Печаль их была велика:

Они полюбили друг друга,

Но их разлучала река.

[«Королевские дети» — немецкая народная баллада в переводе Л. Гинзбурга.]

Нет, не совсем то. Во–первых, речь шла не о королевских детях, а о показательном больном Питерлене и сиделке Ирме Вазем, а во–вторых, никакой реки здесь не было, а всего лишь двор… Однако же…

— Шюль, скажи мне, как выглядел Питерлен?

— Маленький, меньше меня, приземистый, сильный. Вот такие мускулы на руках. Он был единственный, кто по–настоящему понимал меня. Другие высмеивают меня из–за Матто и из–за убийства в Голубином ущелье. А Питерлен никогда не смеялся. Mon pauvre vieux, [Мой бедный старина (франц.).] говорил он мне, он ведь разговаривал со мной по–французски, мне все это известно, я ведь сам побывал у Матто…

Да, это так. Питерлен даже довольно надолго задерживался там у него в гостях… И что это Штудеру представилось все вдруг в таком печальном и безнадежном свете? И зачем это нужно возвращать души назад, от Матто, где они нашли пристанище, бежав от общества и мира людей, среди которых им было неуютно?

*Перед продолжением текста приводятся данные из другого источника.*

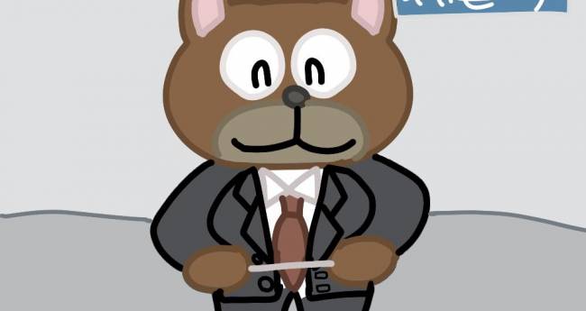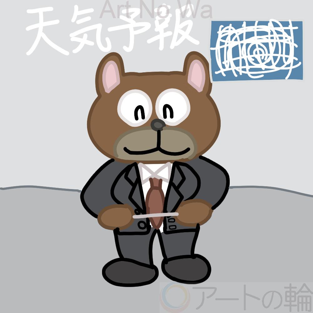 熊さんがテレビに出て、天気予報をしている所を描きました。オリジナル作品です。

Почему не оставить их там в покое? Остался бы Питерлен больным, или, выражаясь по–научному, шизофреником, — он никогда бы не влюбился в Ирму Вазем, не предпринял бы попытки бежать, и, возможно, старый директор радовался бы по–прежнему жизни…

— Прощай, Шюль, — сказал Штудер хрипло. В горле у него стоял ком.

— Мне пора к завтраку накрывать, — изрек Шюль серьезно на швейцарском диалекте, и в его израненных устах это прозвучало очень трогательно.

На лестнице Штудер никого не встретил. Когда он в своих неслышных тапочках пересек двор, он догнал человека, тот нес на ремешке контрольные часы, такие же, как у ночного санитара Боненблуста. Штудер спросил его:

— Вы ночной сторож? Это вы делаете обходы во дворе?

Человек усердно закивал. Он был высокий, широкий и толстый. Похоже, ночная служба способствовала накоплению жиров.

— Вы ничего не заметили в предпоследнюю ночь, то есть со среды на четверг, во время своего обхода в половине второго вон в том углу?

Человек откашлялся, как–то странно посмотрел на Штудера, помедлил с ответом…

— Я делал обход в ту ночь чуть позже, — сказал он, проходил там в самом начале третьего и действительно видел в окнах двух человек, в коридоре, конечно. Один из них был доктор Ладунер, он бежал за кем–то, во всяком случае так выглядело со стороны… А вот кто был второй, он сказать при всем желании не может: из полуподвала одна дверь ведет прямо на улицу, то есть в садик перед «Т». Второй человек выбежал в ту дверь, а доктор Ладунер за ним…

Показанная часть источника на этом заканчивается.